>>>>>

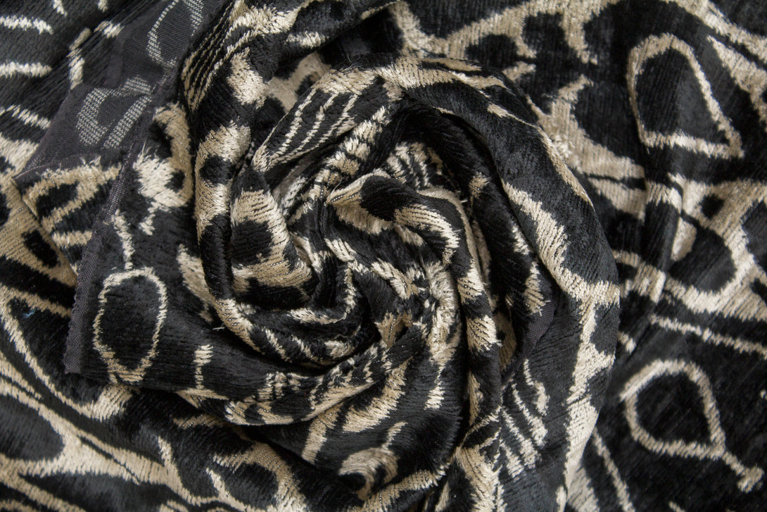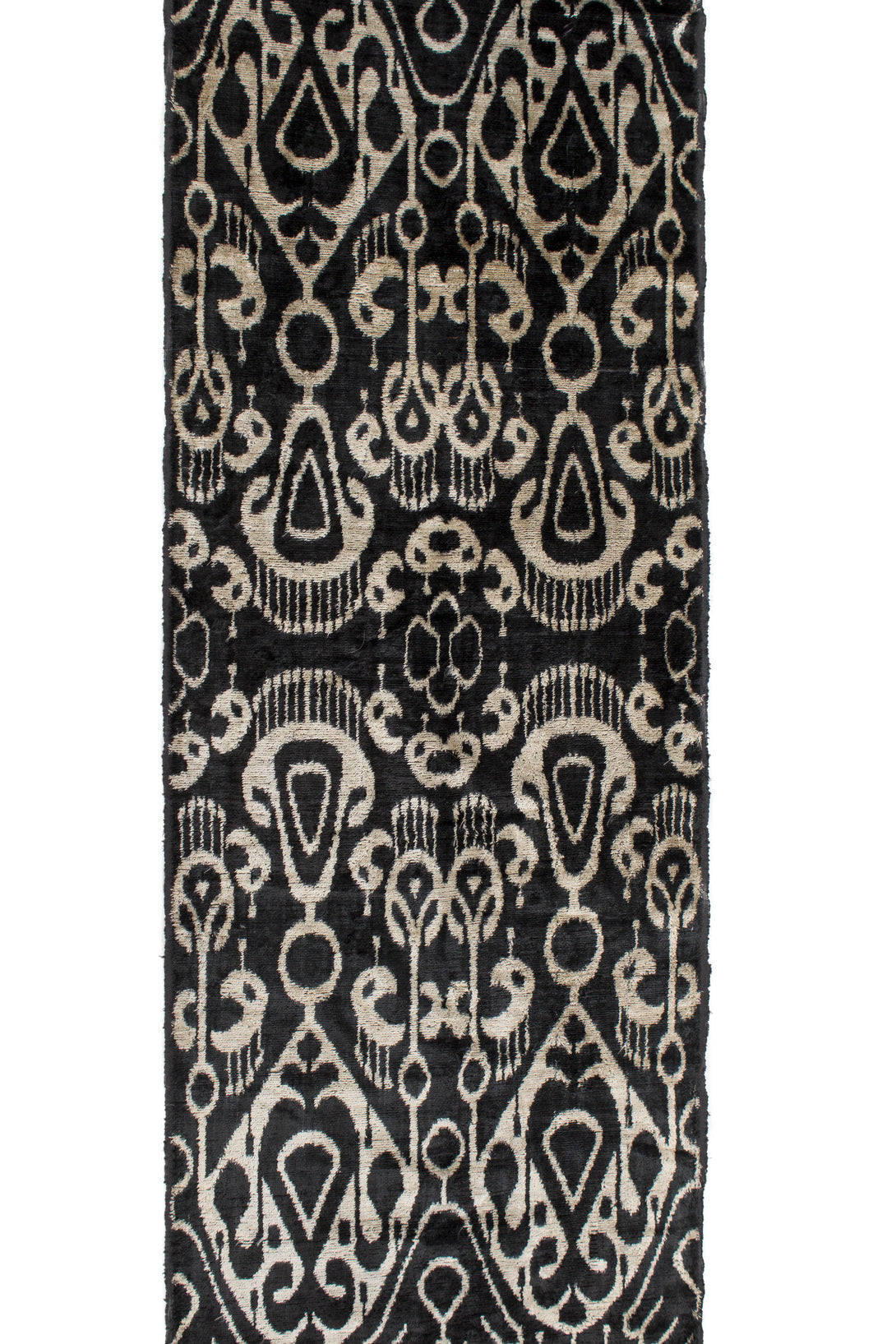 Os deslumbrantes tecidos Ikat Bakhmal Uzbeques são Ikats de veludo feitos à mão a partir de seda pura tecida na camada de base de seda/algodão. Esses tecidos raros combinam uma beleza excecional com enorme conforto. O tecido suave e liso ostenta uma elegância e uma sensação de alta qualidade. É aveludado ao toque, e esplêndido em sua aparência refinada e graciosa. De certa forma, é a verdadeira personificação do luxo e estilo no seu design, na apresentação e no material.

<<<<<
>>>>>

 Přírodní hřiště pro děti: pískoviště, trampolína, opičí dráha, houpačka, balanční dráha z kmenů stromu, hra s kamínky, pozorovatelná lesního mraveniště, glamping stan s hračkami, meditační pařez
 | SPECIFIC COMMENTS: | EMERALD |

<<<<<
>>>>>

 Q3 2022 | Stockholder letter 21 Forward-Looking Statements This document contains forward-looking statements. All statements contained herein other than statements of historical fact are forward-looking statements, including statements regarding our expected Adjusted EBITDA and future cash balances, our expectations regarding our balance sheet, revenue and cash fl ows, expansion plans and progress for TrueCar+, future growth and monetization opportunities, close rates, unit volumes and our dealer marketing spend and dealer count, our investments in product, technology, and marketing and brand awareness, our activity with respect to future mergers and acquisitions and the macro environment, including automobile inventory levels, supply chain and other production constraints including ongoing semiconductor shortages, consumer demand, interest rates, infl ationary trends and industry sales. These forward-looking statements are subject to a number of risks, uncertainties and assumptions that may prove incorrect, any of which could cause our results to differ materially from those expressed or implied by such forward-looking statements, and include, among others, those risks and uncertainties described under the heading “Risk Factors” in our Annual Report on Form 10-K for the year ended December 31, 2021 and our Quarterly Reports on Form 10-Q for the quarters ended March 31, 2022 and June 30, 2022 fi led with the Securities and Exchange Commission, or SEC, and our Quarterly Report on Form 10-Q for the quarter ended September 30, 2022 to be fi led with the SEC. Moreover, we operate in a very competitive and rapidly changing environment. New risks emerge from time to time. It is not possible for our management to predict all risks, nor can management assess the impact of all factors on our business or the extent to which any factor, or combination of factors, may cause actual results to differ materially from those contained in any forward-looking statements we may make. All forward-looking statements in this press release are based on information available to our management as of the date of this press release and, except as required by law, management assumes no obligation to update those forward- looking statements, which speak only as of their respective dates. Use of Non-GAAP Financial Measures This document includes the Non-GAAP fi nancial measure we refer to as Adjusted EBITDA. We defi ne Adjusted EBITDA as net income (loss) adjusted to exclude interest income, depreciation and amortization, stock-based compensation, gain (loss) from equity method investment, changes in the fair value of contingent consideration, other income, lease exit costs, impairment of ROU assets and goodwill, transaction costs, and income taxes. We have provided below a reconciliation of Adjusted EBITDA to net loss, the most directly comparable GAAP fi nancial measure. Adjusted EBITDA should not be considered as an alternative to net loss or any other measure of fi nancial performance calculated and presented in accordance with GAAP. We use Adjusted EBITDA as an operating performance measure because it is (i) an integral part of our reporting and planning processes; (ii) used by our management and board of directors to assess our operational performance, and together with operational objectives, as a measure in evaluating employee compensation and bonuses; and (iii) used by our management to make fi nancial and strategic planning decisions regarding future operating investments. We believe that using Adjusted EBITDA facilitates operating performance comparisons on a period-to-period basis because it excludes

<<<<<

In the listing above, the lines from the one containing "Přírodní hřiště pro" through the one containing "COMMENTS: | EMERALD |" must be set down exactly, with no other lines.

[Output for this exercise]
 Přírodní hřiště pro děti: pískoviště, trampolína, opičí dráha, houpačka, balanční dráha z kmenů stromu, hra s kamínky, pozorovatelná lesního mraveniště, glamping stan s hračkami, meditační pařez
 | SPECIFIC COMMENTS: | EMERALD |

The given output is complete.